Personal information
- Full name: Len M. Webster
- Date of birth: 26 December 1906
- Date of death: 7 October 1985 (aged 78)
- Original team(s): Blackwood Forest / Loch
- Height: 180 cm (5 ft 11 in)
- Weight: 100 kg (220 lb)
- Position(s): Ruckman

Playing career^{1}
- Years: Club / Games (Goals)
- 1927–1938: Essendon / 145 (100)
- ^{1} Playing statistics correct to the end of 1938.

= Len Webster =

Australian rules footballer (born 1906)

Len Webster (26 December 1906 – 7 October 1985) was an Australian rules footballer who played with Essendon in the Victorian Football League (VFL).
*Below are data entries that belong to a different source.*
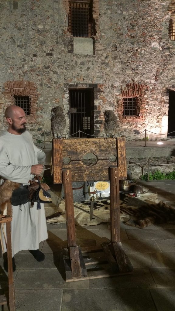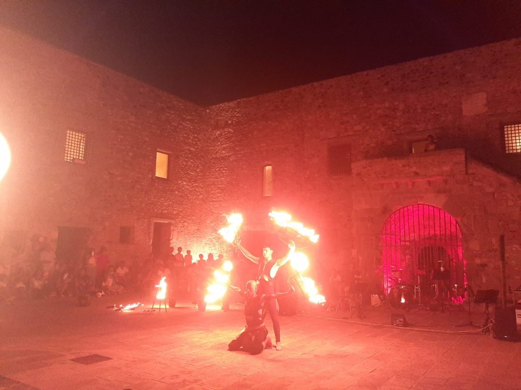 Sulla scia dell’allegria del simpatico giullare, la corte del Castello si fa magica: da Siena arrivano ora gli Artisti del Fuoco, fra danze ed effetti pirotecnici, il duo “La Barraca” da una “idea” artistica di Garcia Lorca, portano il teatro fuori dal teatro…
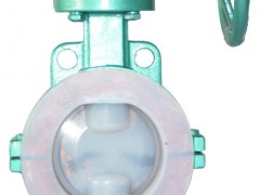 襯氟對夾蝶閥可承受"除熔融堿金屬和元素氟"外的任何介質(zhì)腐蝕。全襯里型對夾式蝶閥,采用對分兩片閥式組合,閥座與閥體內(nèi)襯一體化,閥門工作時,只有全塑閥座與襯塑蝶板與介質(zhì)接觸, D71F46閥桿和蝶板(鍛)為一體,表面均勻包裹一層FEP.閥體通道內(nèi)表面光滑,流體阻力小, 額定流量系數(shù)值高,流通能力強,扭矩適中,采用四級密封結(jié)構(gòu)并在密封面處配以耐溫抗老化SI橡膠的彈性襯墊閥座,完全達到介質(zhì)的零泄露。
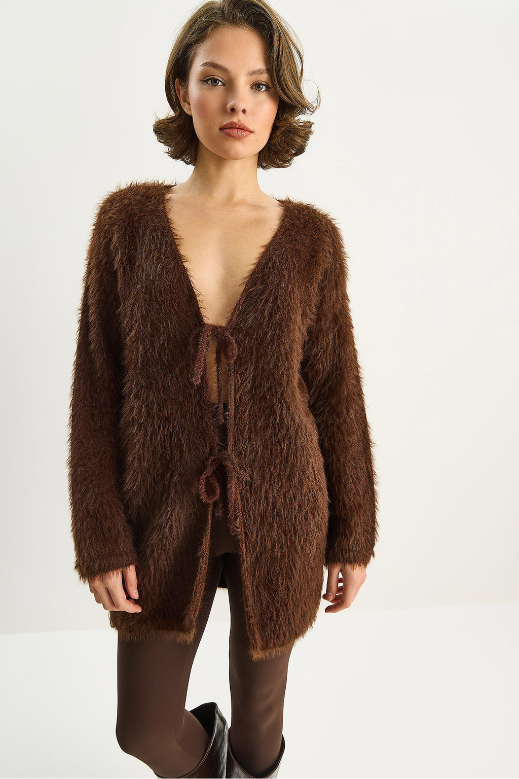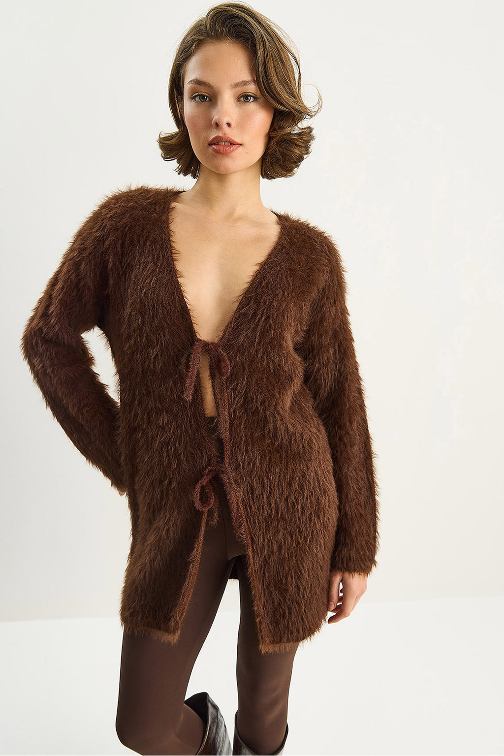 Women's Bearded Soft Textured Knitwear Cardigan with Tie Detail 9064 60283754

Webster, a fireman by profession, was a ruckman for Blackwood Forest and Loch before joining Essendon.

He had an early setback in 1930 when he required surgery to remove cartilage in his knee but recovered well enough to play 15 of a possible 18 games in 1931.

Essendon appointed him vice-captain in 1935 and the following season he represented Victoria for a second time, having previously played for his state in 1929. He was captain of Essendon for the entire 1938 VFL season.

Despite making 145 appearances for Essendon, Webster never played in a single final.